Artist Jerry Ross recently spent a lot of time with Donald Trump’s face. As a Bernie Sanders supporter, this was no easy feat.
“I got a lot of praise for that Trump painting because it captured his arrogance,” Ross says. “Also, his jaw, it’s very much like the jaw of Mussolini,” he adds with a laugh, referencing the fascist Italian dictator Benito Mussolini.
The Trump portrait is not some sort of artistic self-flagellation, but rather one in a series of paintings Ross is sending to Las Vegas for the show Dishing It Out 2016. Ross’ sister, Las Vegas-based fine art photographer Diane Bush, has curated a yearlong show featuring 2016 presidential candidate portraits, of both a fine art and satirical bent, opening Jan 21. But before that, Ross will display some of his prints here in Eugene.
So far, Ross has completed portraits of Bernie Sanders, Hilary Clinton, Chris Christie and, of course, Trump. Giclee prints of these originals, other new work (do not miss the mammoth and metaphorical “Passeggiata con Cinghiale”), along with some older pieces, will be on display for First Friday ArtWalk Jan. 8 at In Eugene Real Estate downtown (100 E. Broadway). The show, about 30 paintings in all, will hang for two months.
In addition, selected Dishing It Out works — including Ross’ Trump — will be put on mugs and commemorative plates, a winking throwback to those Ronald Regan and Jimmy Carter dishes you can still find in thrift stores.
In conjunction with the Eugene show, Ross has organized the Bernie Sanders ReadOut 6:30 to 9:30 pm Thursday, Jan. 14, at Tsunami Books. The event, which Ross compares to the “teach-outs” of the sixties, will call on local artists, writers, performers and citizens to hash out and define the “revolution” that Sanders is calling for. A cappella group The Jewel Tones will perform a twist on the 1958 hit “Mr. Sandman” as “Mr. Sanders,” and performers Izzy Whetstine and Matting Keating (also head of Lane County for Bernie Sanders) will read.
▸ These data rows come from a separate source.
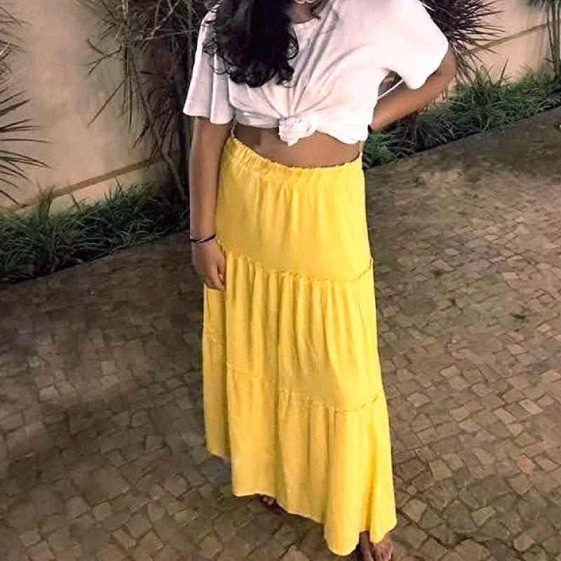 Saia longa amarela new arrivals
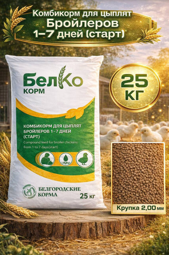 Комбикорм для цыплят-бройлеров "Старт" 25кг., Белгород/Комбикорм "Старт" для цыплят-бройлеров от 1 до 7 дней
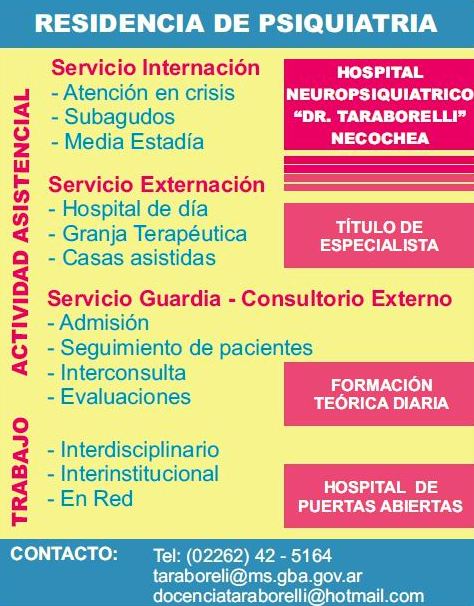 El Hospital Taraborelli de la ciudad de Necochea informa que se ofrece la Residencia en Psiquiatría.
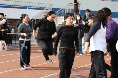 女教职工积极备战,从呼啦圈的技巧分析到毽球的姿势调整,再到集体跳绳的团队配合,她们争分夺秒、精益求精,力求在比赛中展现最佳状态。在集体跳绳项目中,摇绳队员节奏稳健,跳绳队员身姿轻盈,如灵动的音符在绳间舞动,最终凭借默契的配合和出色的发挥,力压群雄,勇夺一等奖。在个人项目中,JAV777
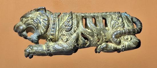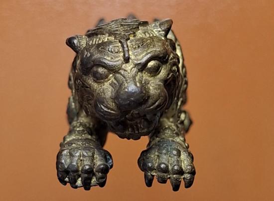 จ้าวพยัคฆ์จับเหยื่อ สอดตะกรุดทองแดง เนื้อโลหะ ความยาว 2 นิ้ว ไม่ทราบสำนัก
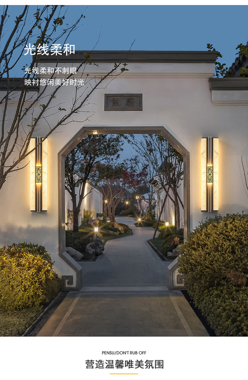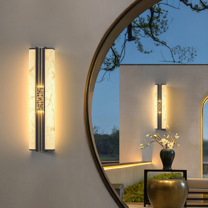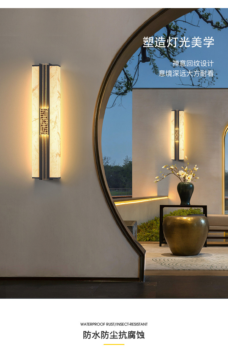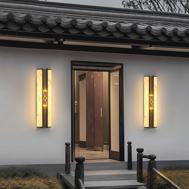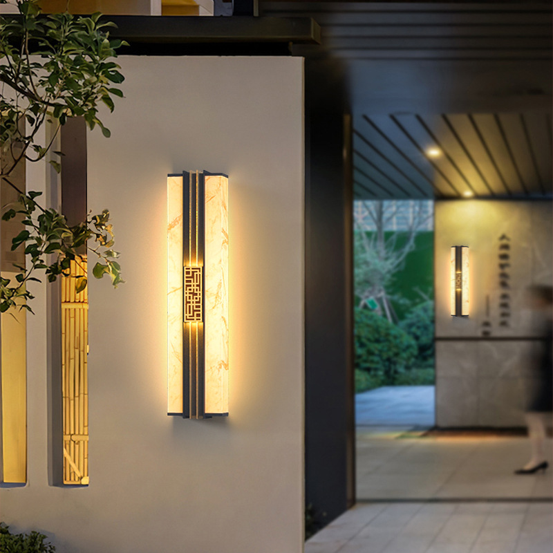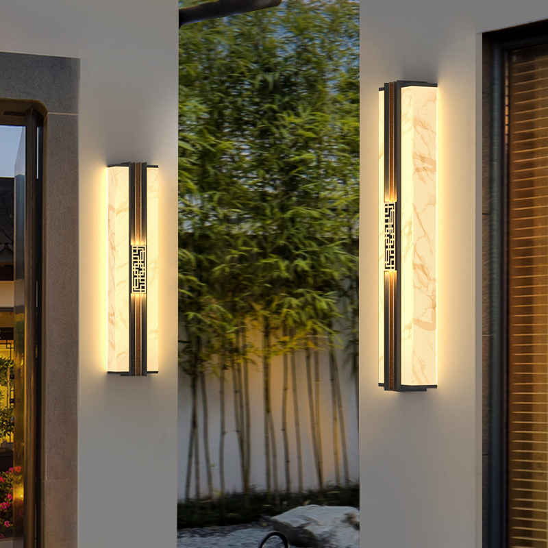 Солнечные настенные светильники для вилл, новые настенные светильники в китайском стиле с имитацией мрамора для обеих сторон ворот, солнечные светильники для двора на столбы ворот

In Eugene, Ross — an oil painter and longtime arts educator and advocate — is not known for overtly political art. He focuses mostly on landscapes, portraits and figurative work with bold, loose brushwork drawing on elements from Expressionism, Impressionism and Realism. Ross has deemed this style American Verismo — a school of painting that encourages working directly from life.
Yet politics has always been central to Ross.
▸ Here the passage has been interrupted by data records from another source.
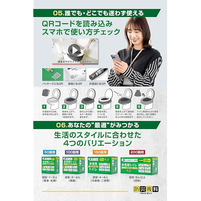 「被災者の声から生まれた」 非常用トイレ PREMIUM【使用回数最大・ゴミ量最小設計】15年保存 簡易トイレ 携帯トイレ 防災グッズ すぐ使える使い方動画QR付(200回)
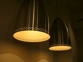 マット仕上げのアルミ製吊り照明。かわいらしい星型のドットから洩れる光が空間を照らします。
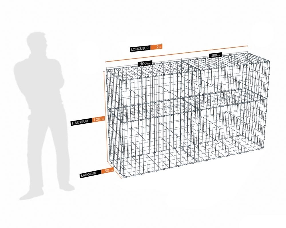 Kit gabion 2m de longueur, 120cm (H) x 50cm (L), pour clôture, assemblage agrafes, mailles 5 x 10 cm, grilles non visibles mailles 10 x 10 cm
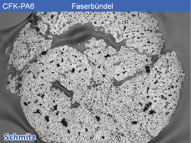 Die Aufnahmen stammen von einem Carbonfaserbündel in PA6 Matrix mit diversen Fehlstellen.
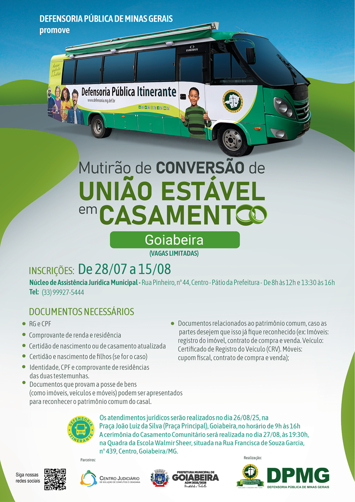 Os casais interessados, residentes em Goiabeira, podem se inscrever até o dia 15/8 no Núcleo de Assistência Jurídica Municipal, no endereço Rua Pinheiro, n° 44, Centro – Pátio da Prefeitura, das 8h às 12h e das 13h30 às 16h. Tel.: (33) 99927-5444.
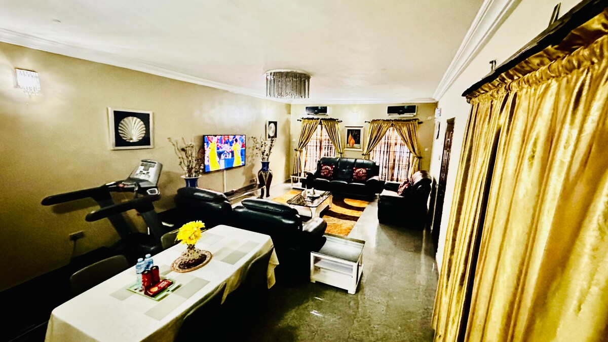 Nyt et minneverdig opphold i den romslige, familievennlige suiten med to soverom, bare fem minutter fra Murtala Muhammed internasjonale lufthavn. Hjemmet vårt er perfekt for familier, grupper eller forretningsreisende, og kombinerer moderne komfort med gjennomtenkte fasiliteter. 🌟 Dette tilbyr vi: • Gratis frokost for opphold på to uker eller mer. • Bilutleie og leie med fleksibel henting og avlevering • Romslig stue med familiesofaer, HD Smart TV og tredemølle. • Gratis parkering på stedet for én bil.
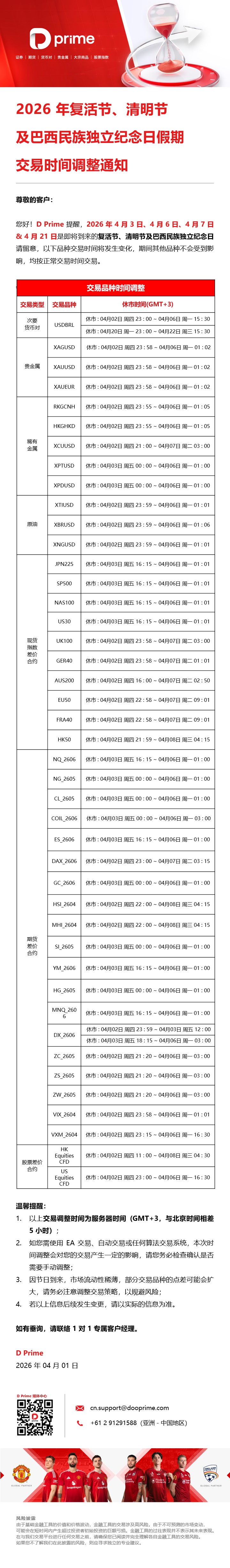 2026 年澳洲进入冬令时交易时间调整通知

“I was one of the Buffalo Nine during the Vietnam War, which was like the Chicago Seven, only much more obscure,” Ross says. The Buffalo, New York, native was one of nine students arrested by a team of U.S. marshals, FBI agents and local police in 1968 for protesting the war and the draft. Ross was prosecuted in two federal trials, both ending in hung juries. Shortly after, he relocated to Oregon.
“I haven’t really been involved in electoral politics — it was all protest politics,” Ross recalls. But he says he’s starting to see the same energy around Bernie Sanders that he saw in the kind of sixties activism that gave birth to the Port Huron Statement — Tom Hayden’s 1962 manifesto for the student activist movement Students for a Democratic Society.
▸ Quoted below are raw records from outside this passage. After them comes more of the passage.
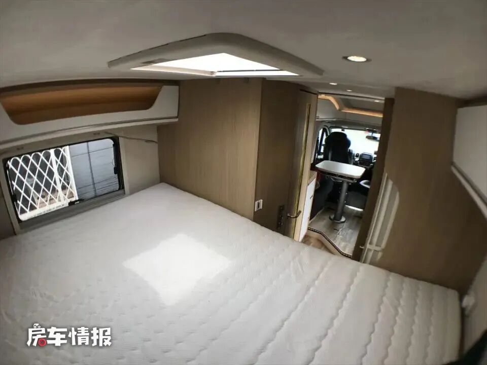 最后就是位于车厢尾部超大的休息区,这也可以理解为什么卫浴室的空间小了,整辆车把大部分的空间都留给了最后的床铺,所以这张床铺足以躺下3-4个成年人,顶部配置了换气扇以及储物吊柜,可以用来满足日常的需求。
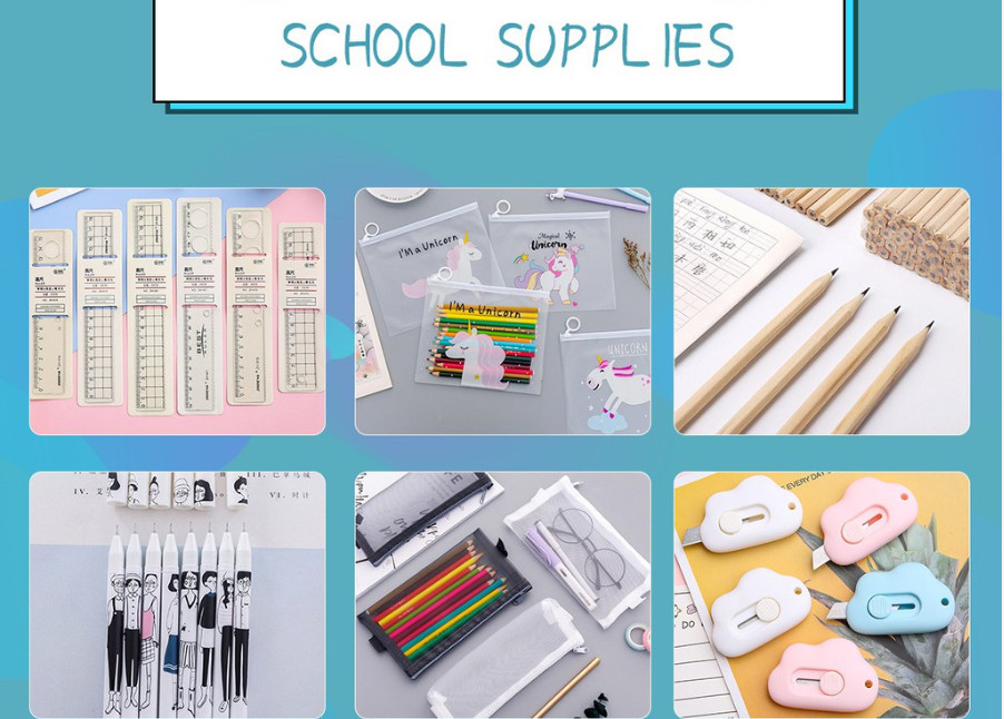 - Phụ kiện học tập: hộp bút, tẩy điện, bút xóa, thước kẻ, keo dán, kẹp bấm….
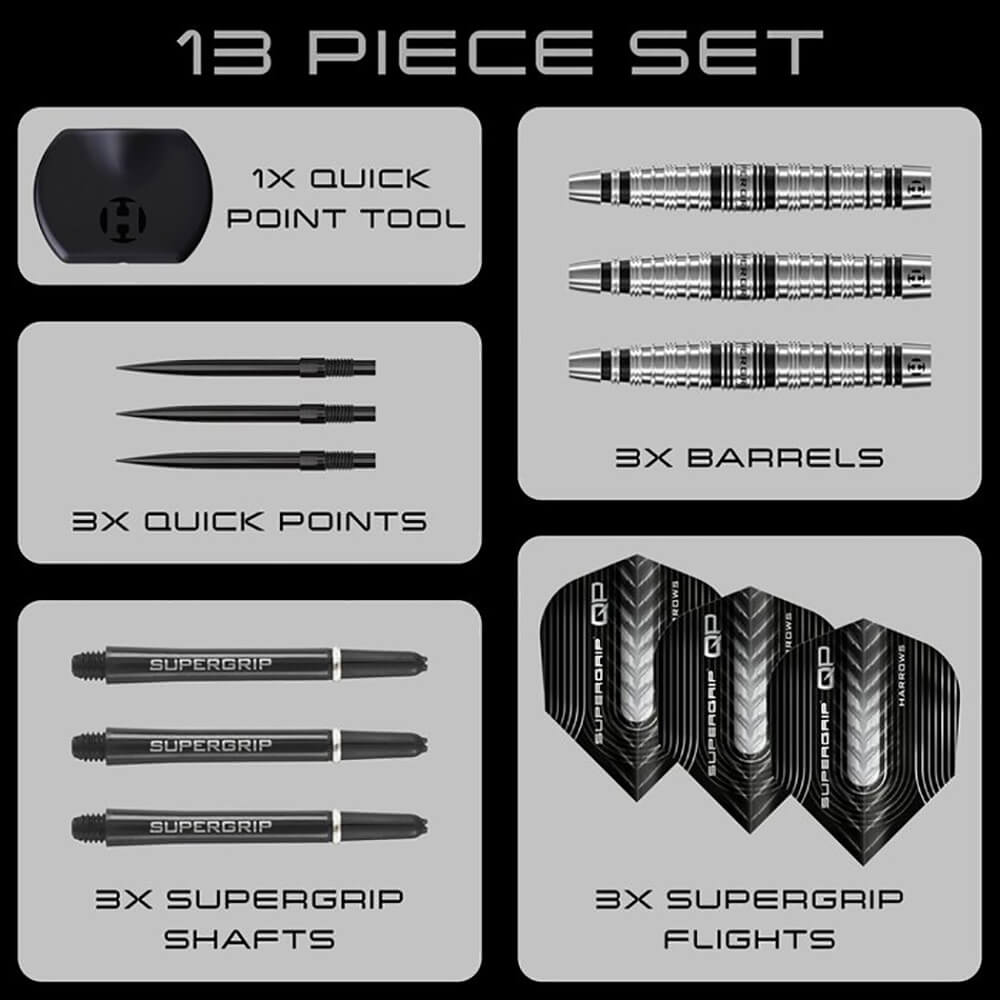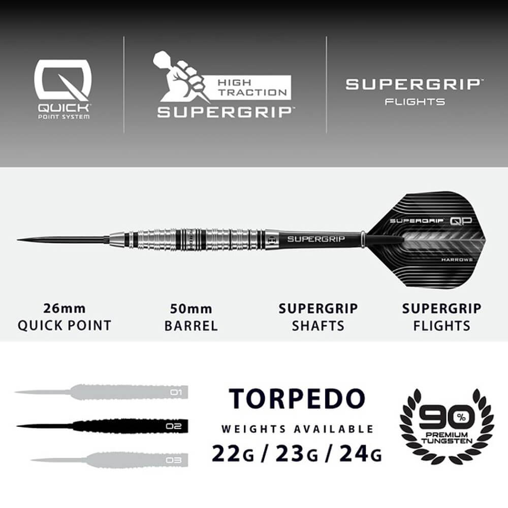 El dardos se compone por 1 set de 3 cuerpos Harrows Darts Supergrip Torpedo Quick Point, 1 set de 3 cañas Harrows Supergrip Negro y 1 set de 3 plumas Supergrip Torpedo Quick Point original Harrows Darts

“Students don’t have a movement like that today, but there’s the beginnings of it around Bernie Sanders,” Ross says.
“I really see a role for the arts in this because it hasn’t been clarified what Bernie Sanders means by the ‘political revolution’ other than a list of issues he’s concerned with,” Ross continues. “So I’m asking writers and artists to define what that is here. It’s like a teach-out that will help us define what we mean by all of this. It’s going to be an art exhibit and performances both.”